From: Eric Wong <e@80x24.org>
To: meta@public-inbox.org
Subject: [PATCH 20/36] lei_store: handle messages without Message-ID at all
Date: Thu, 31 Dec 2020 13:51:38 +0000 [thread overview]
Message-ID: <20201231135154.6070-21-e@80x24.org> (raw)
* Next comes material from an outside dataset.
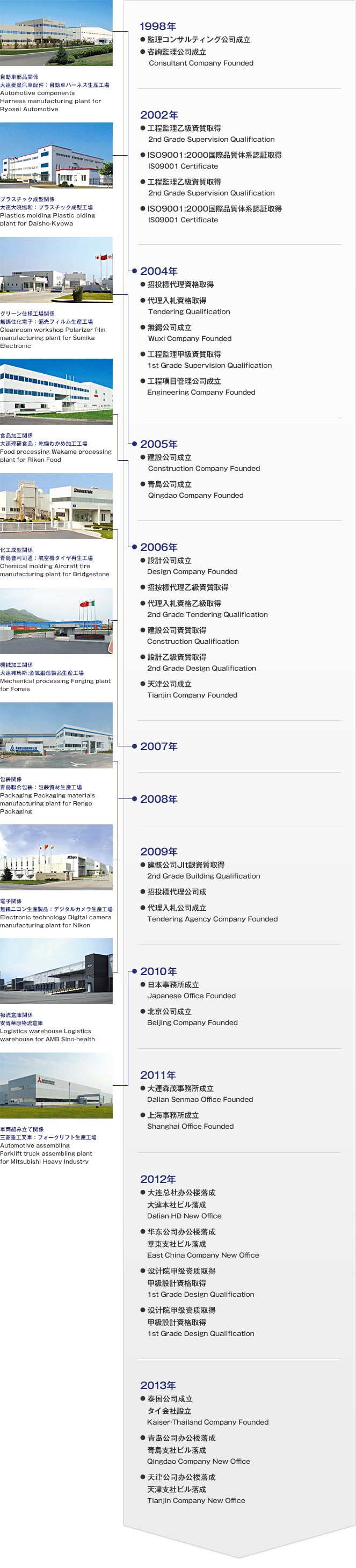カイザーは、創(chuàng)業(yè)以來(lái)、急速な成長(zhǎng)を続けてきました。企業(yè)の成長(zhǎng)とともに、建設(shè)工場(chǎng)の業(yè)種の幅も広がり、今や工場(chǎng)建設(shè)において主要な業(yè)種の多くを請(qǐng)け負(fù)うまでになっています。

In-Reply-To: <20201231135154.6070-1-e@80x24.org>
For personal mail, unsent drafts messages are a common source of
messages without Message-IDs.
---
lib/PublicInbox/LeiStore.pm | 20 ++++++++++++++++----
lib/PublicInbox/OverIdx.pm | 2 ++
lib/PublicInbox/Smsg.pm | 6 ++----
t/lei_store.t | 24 ++++++++++++++++++++++++
4 files changed, 44 insertions(+), 8 deletions(-)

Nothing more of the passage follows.